**EXERCISE PROMPT**
Which lines run from the one with "最大で12個のアクションに対" through the end of the data? Retype them exactly, without pictures.
BEGIN DATA PROVIDED
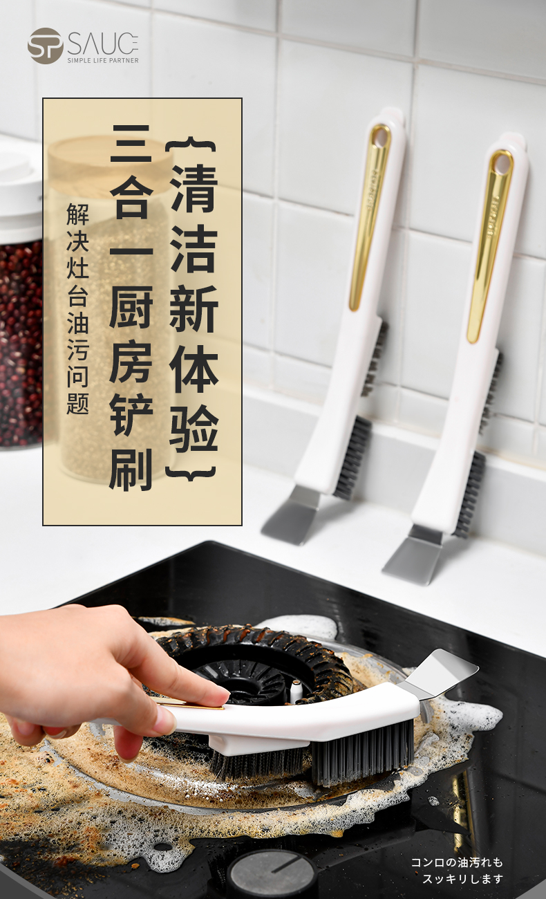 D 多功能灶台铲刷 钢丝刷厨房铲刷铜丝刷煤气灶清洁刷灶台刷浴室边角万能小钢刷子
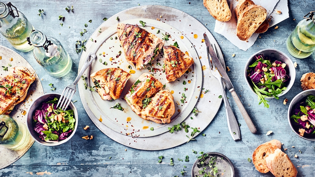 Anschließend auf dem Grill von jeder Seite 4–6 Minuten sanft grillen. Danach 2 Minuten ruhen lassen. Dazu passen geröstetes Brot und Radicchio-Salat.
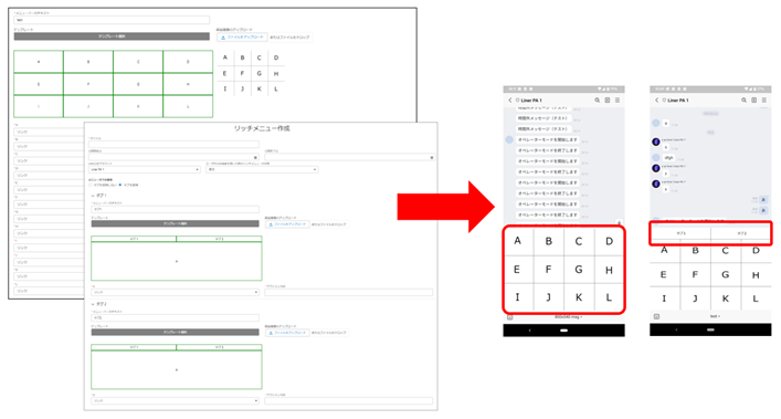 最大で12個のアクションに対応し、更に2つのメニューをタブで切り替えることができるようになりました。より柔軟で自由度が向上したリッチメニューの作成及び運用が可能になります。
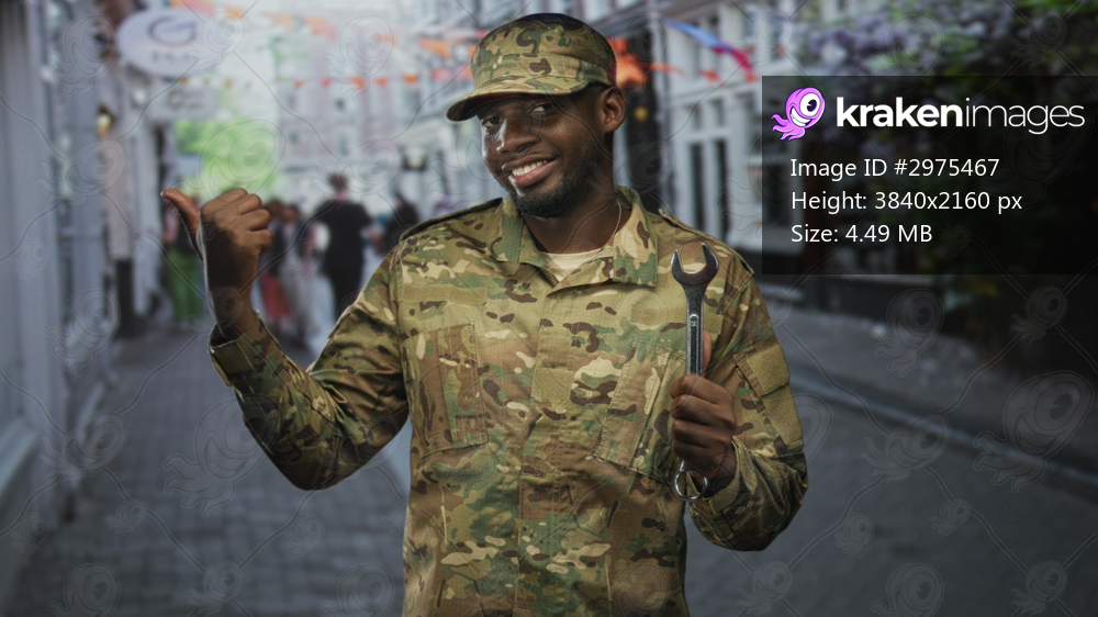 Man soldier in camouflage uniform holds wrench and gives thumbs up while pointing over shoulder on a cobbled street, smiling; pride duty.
END DATA PROVIDED
**TASK RESULT**
 最大で12個のアクションに対応し、更に2つのメニューをタブで切り替えることができるようになりました。より柔軟で自由度が向上したリッチメニューの作成及び運用が可能になります。
 Man soldier in camouflage uniform holds wrench and gives thumbs up while pointing over shoulder on a cobbled street, smiling; pride duty.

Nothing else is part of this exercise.